Wang Ke, Tian Jing, Zheng Chu, Yang Hong, Ren Jia, Liu Yanling, Han Qinghua, Zhang Yanbo
Department of Health Statistics, School of Public Health, Shanxi Medical University, Taiyuan, People's Republic of China; Department of Epidemiology and Biostatistics, Xuzhou Medical University, Xuzhou, People's Republic of China; Shanxi Provincial Key Laboratory of Major Diseases Risk Assessment, Shanxi Medical University, Taiyuan, People's Republic of China.
Department of Cardiology, The First Affiliated Hospital of Shanxi Medical University, Taiyuan, People's Republic of China.
Comput Biol Med. 2021 Oct;137:104813. doi: 10.1016/j.compbiomed.2021.104813. Epub 2021 Aug 28.
This study sought to evaluate the performance of machine learning (ML) models and establish an explainable ML model with good prediction of 3-year all-cause mortality in patients with heart failure (HF) caused by coronary heart disease (CHD).
We established six ML models using follow-up data to predict 3-year all-cause mortality. Through comprehensive evaluation, the best performing model was used to predict and stratify patients. The log-rank test was used to assess the difference between Kaplan-Meier curves. The association between ML risk and 3-year all-cause mortality was also assessed using multivariable Cox regression. Finally, an explainable approach based on ML and the SHapley Additive exPlanations (SHAP) method was deployed to calculate 3-year all-cause mortality risk and to generate individual explanations of the model's decisions.
The best performing extreme gradient boosting (XGBoost) model was selected to predict and stratify patients. Subjects with a higher ML score had a high hazard of suffering events (hazard ratio [HR]: 10.351; P < 0.001), and this relationship persisted with a multivariable analysis (adjusted HR: 5.343; P < 0.001). Age, N-terminal pro-B-type natriuretic peptide, occupation, New York Heart Association classification, and nitrate drug use were important factors for both genders.

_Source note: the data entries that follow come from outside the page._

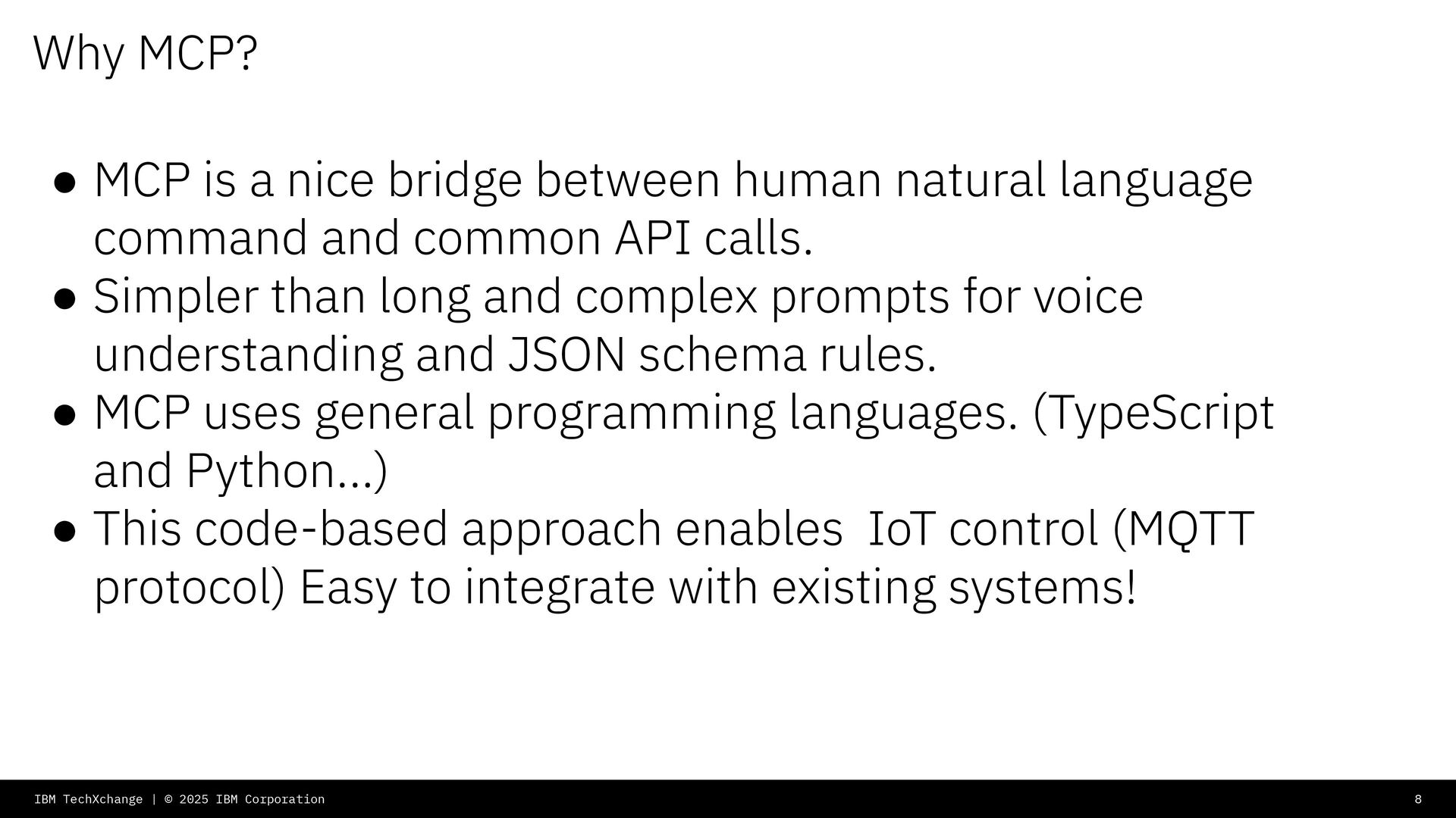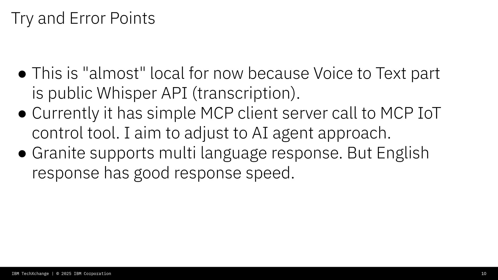 • Granite LLM's support for Function calling (structured output) is very powerful, making it easier to select tools for MCP-like IoT operations.
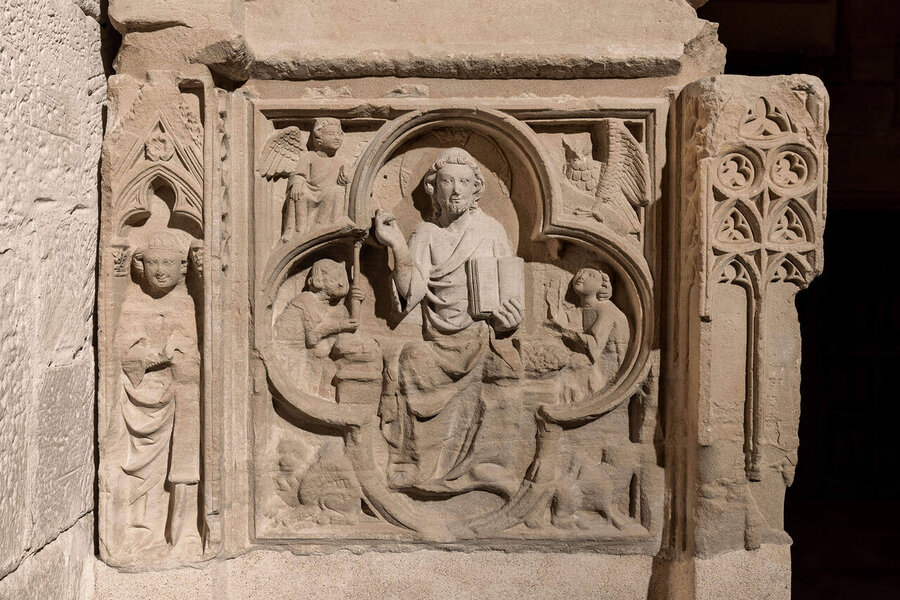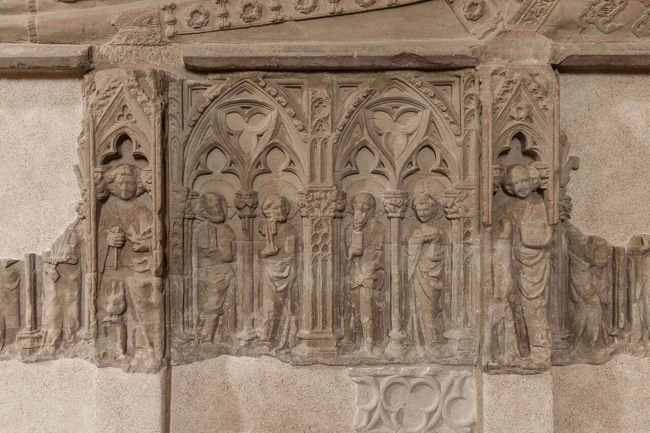 - Esta figura, y otras, como las que forman el apostolado frontal, del cual se conservan enteros sólo los apóstoles Pedro y Pablo, Juan y Bartolomé, y las esculturas de ángeles, recuerdan la obra del maestro anónimo de Anglesola. Se trata de un bello conjunto de figuras sonrientes, de gran serenidad y delicadeza formal. Subiendo la escalera se puede contemplar la figura yacente, mutilada, del vizconde, con detalles también de gran preciosismo.
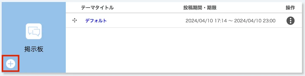 - 「掲示板」欄内で,スレッドを登録したいテーマの右側にある
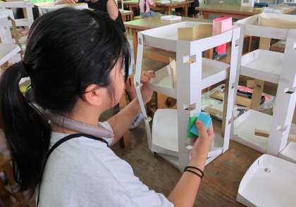 箱を立体的に組み立て、ビー玉を転がしながら動く様子を楽しみました。
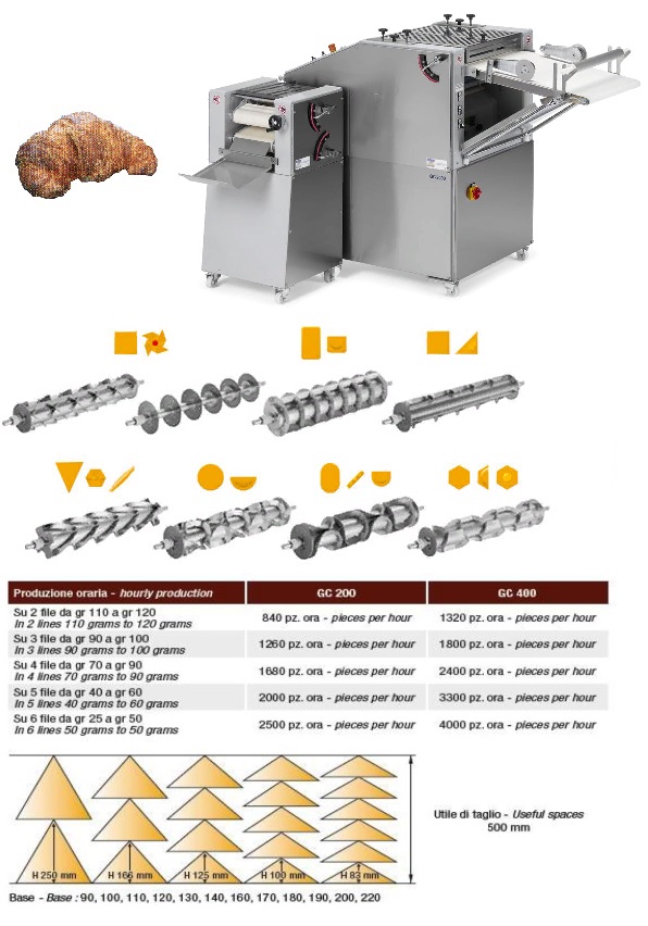 ТЕХНИЧЕСКИЕ ХАРАКТЕРИСТИКИ: •GC 2000 максимальная производительность около 2 500 шт. / час ( мини - круассанов на 6 рядов ) •GC 4000 максимальная производительность около 4 000 шт. / час ( мини - круассанов на 6 рядов ) •потребляемая мощность кВт 1,5 – 380 В •вес 500/550 кг •ширина ленты 540 мм В комплект поставки включены:
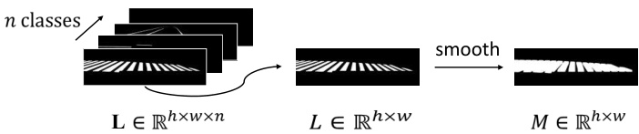 Figure 3. Generation of AOI. Take one class label map  $L$   as example. We perform smoothing on  $L$   and obtain one AOI map  $M$  .
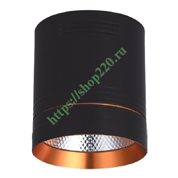 Накладной, цилиндрический, светодиодный светильник Ферон AL521, 20 Вт, белый свет, черный с золотым кольцом, 100x115 мм 32466
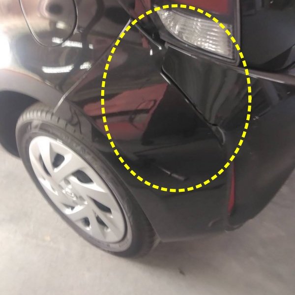 広島県呉市|アクア(トヨタ)のキズ・へこみ直し事例(リアバンパー割れ修理)
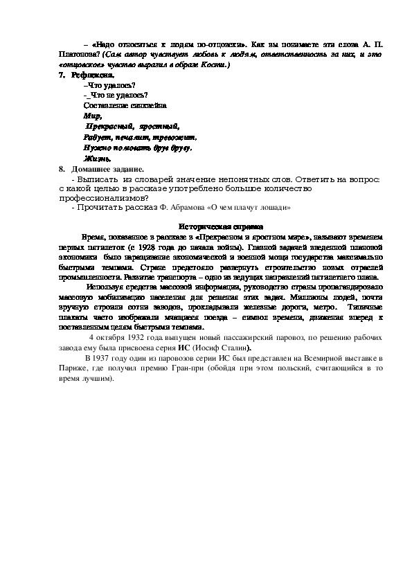 – А теперь о последней фразе рассказа. Платонов называет наш мир «прекрасным и
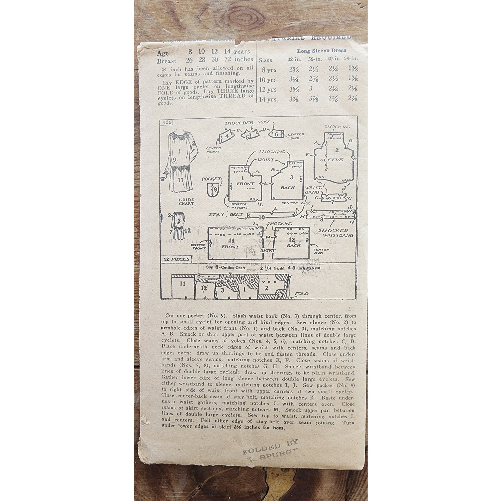 Vintage 20s Sewing Pattern ORIGINAL: Girls Smocked Shirred Dress Chicquette 425
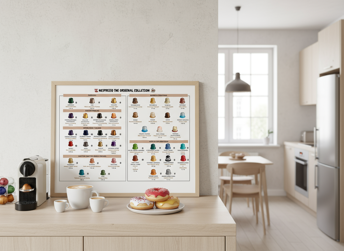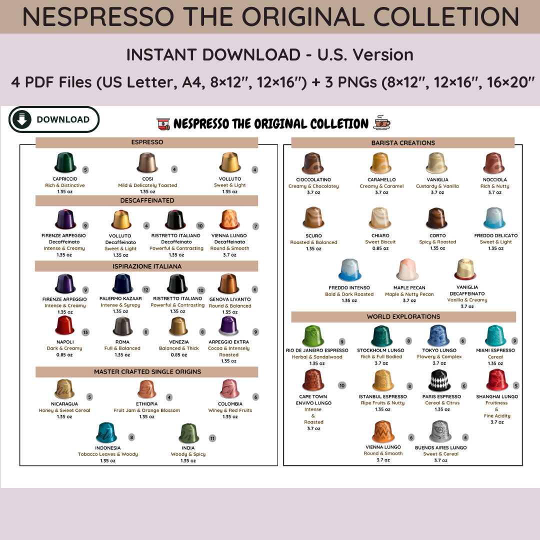 Printable Nespresso Original Capsule Guide (U.S. Version) – Intensity & Flavor Chart, Coffee Corner Decor | Updated Nov 2025
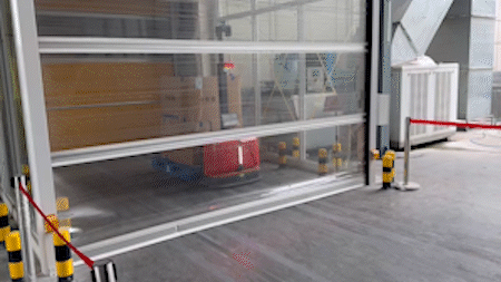 本项目车间与仓库分处两个区域,通过一条连廊连通。车间整托500KG成品下线后,需经自动门与连廊,入库区完成搬运;整托成品出库后,空托盘经堆垛,需转运至车间缓存位备用。
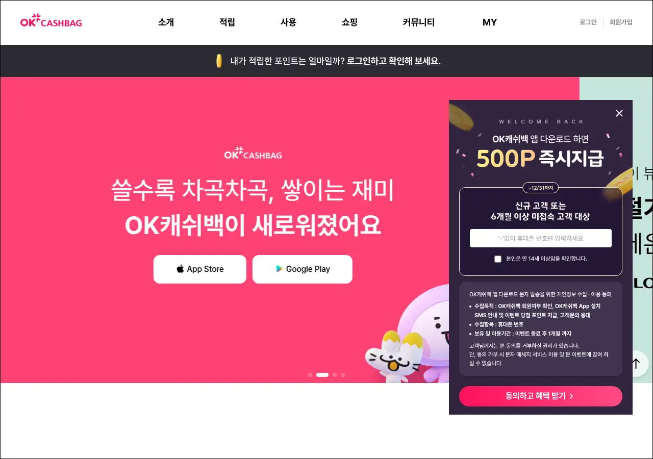 사이트에 접속하면 내 포인트 현황이랑 제휴 할인 쿠폰, 이벤트 정보를 한눈에 볼 수 있는데요. 요즘은 앱 위주로 쓰는 분들이 많아도 웹에서 포인트 소멸 예정일을 확인하거나 현금전환 신청할 때 여전히 유용하게 쓸 수 있어서 즐겨찾기 해두면 편리해요.
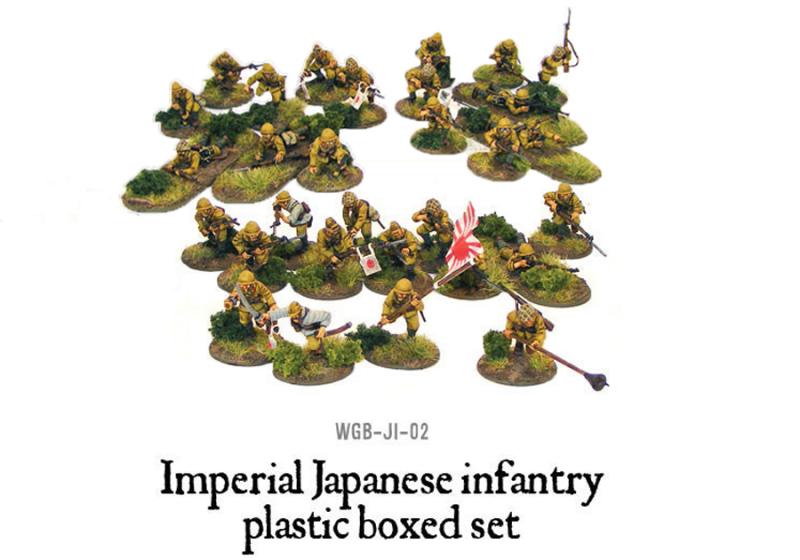 This plastic box set contains enough parts to make 30 plastic Japanese infantry armed with:
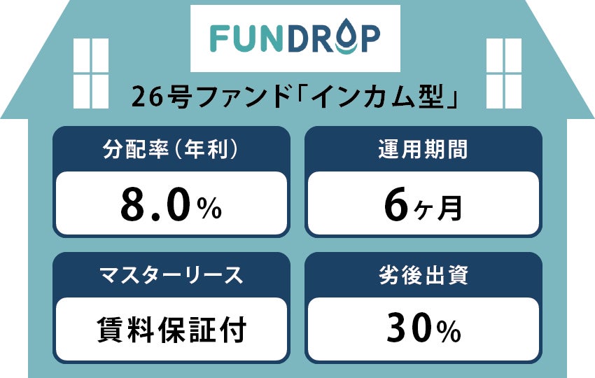 FUNDROP 26号ファンドは、利回り(年利)8%、賃料保証付きにて運用
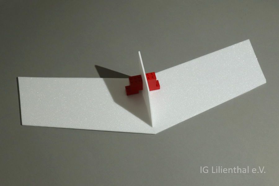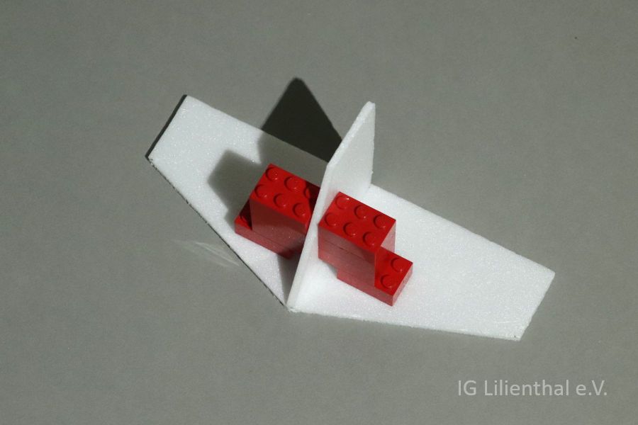 Nach 10 bis 20 Sekunden (der Kleber ist dann auf beiden Teilen angetrocknet) das Seitenruder wieder auf den Flügel setzen, andrücken und mit den Legosteinen die senkrechte Position fixieren.
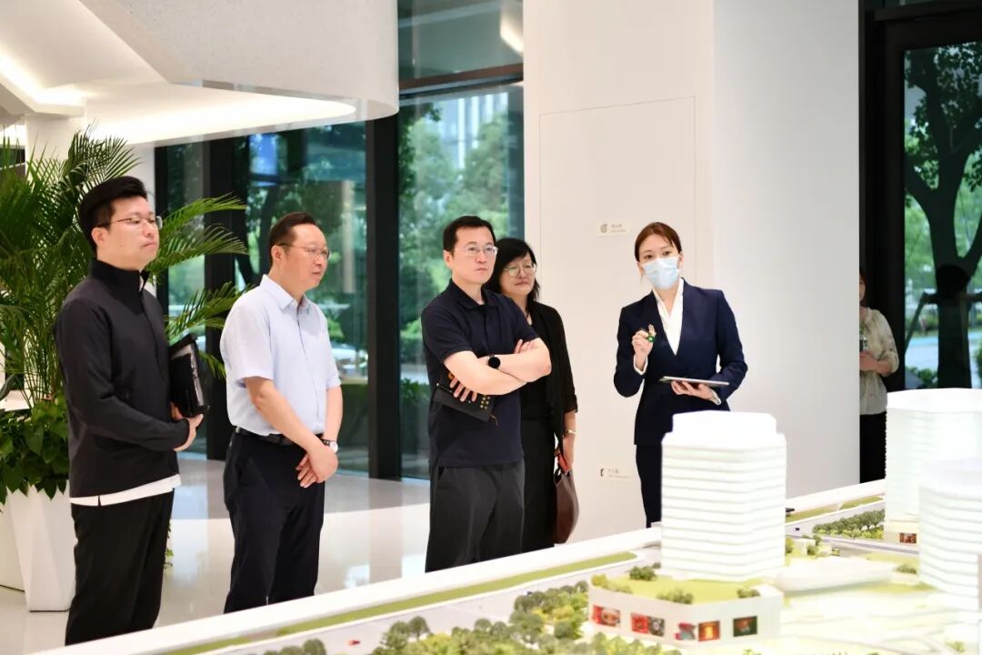王永前一行在刘骏陪同下来到长三角投资公司展厅,详细听取公司服务长三角一体化国家战略的阶段性发展成果及西岑科创园区和长三角绿洲智谷·赵巷园区的建设情况介绍,并实地参观了赵巷园区长三角科创中心。

The ML-based risk stratification tool was able to accurately assess and stratify the risk of 3-year all-cause mortality in patients with HF caused by CHD. ML combined with SHAP could provide an explicit explanation of individualized risk prediction and give physicians an intuitive understanding of the influence of key features in the model.
本研究旨在评估机器学习(ML)模型的性能,并建立一个可解释的ML模型,以良好预测冠心病(CHD)所致心力衰竭(HF)患者的3年全因死亡率。
我们使用随访数据建立了六个ML模型,以预测3年全因死亡率。通过综合评估,选用性能最佳的模型对患者进行预测和分层。采用对数秩检验评估Kaplan-Meier曲线之间的差异。还使用多变量Cox回归评估ML风险与3年全因死亡率之间的关联。最后,采用基于ML和SHapley加性解释(SHAP)方法的可解释方法来计算3年全因死亡率风险,并对模型决策生成个体解释。
选择性能最佳的极端梯度提升(XGBoost)模型对患者进行预测和分层。ML评分较高的受试者发生事件的风险较高(风险比[HR]:10.351;P < 0.001),多变量分析时这种关系依然存在(调整后HR:5.343;P < 0.001)。年龄、N末端B型利钠肽原、职业、纽约心脏协会分级和硝酸盐药物使用是两性的重要因素。
基于ML的风险分层工具能够准确评估和分层CHD所致HF患者3年全因死亡风险。ML与SHAP相结合可以对个体风险预测提供明确解释,并让医生直观了解模型中关键特征的影响。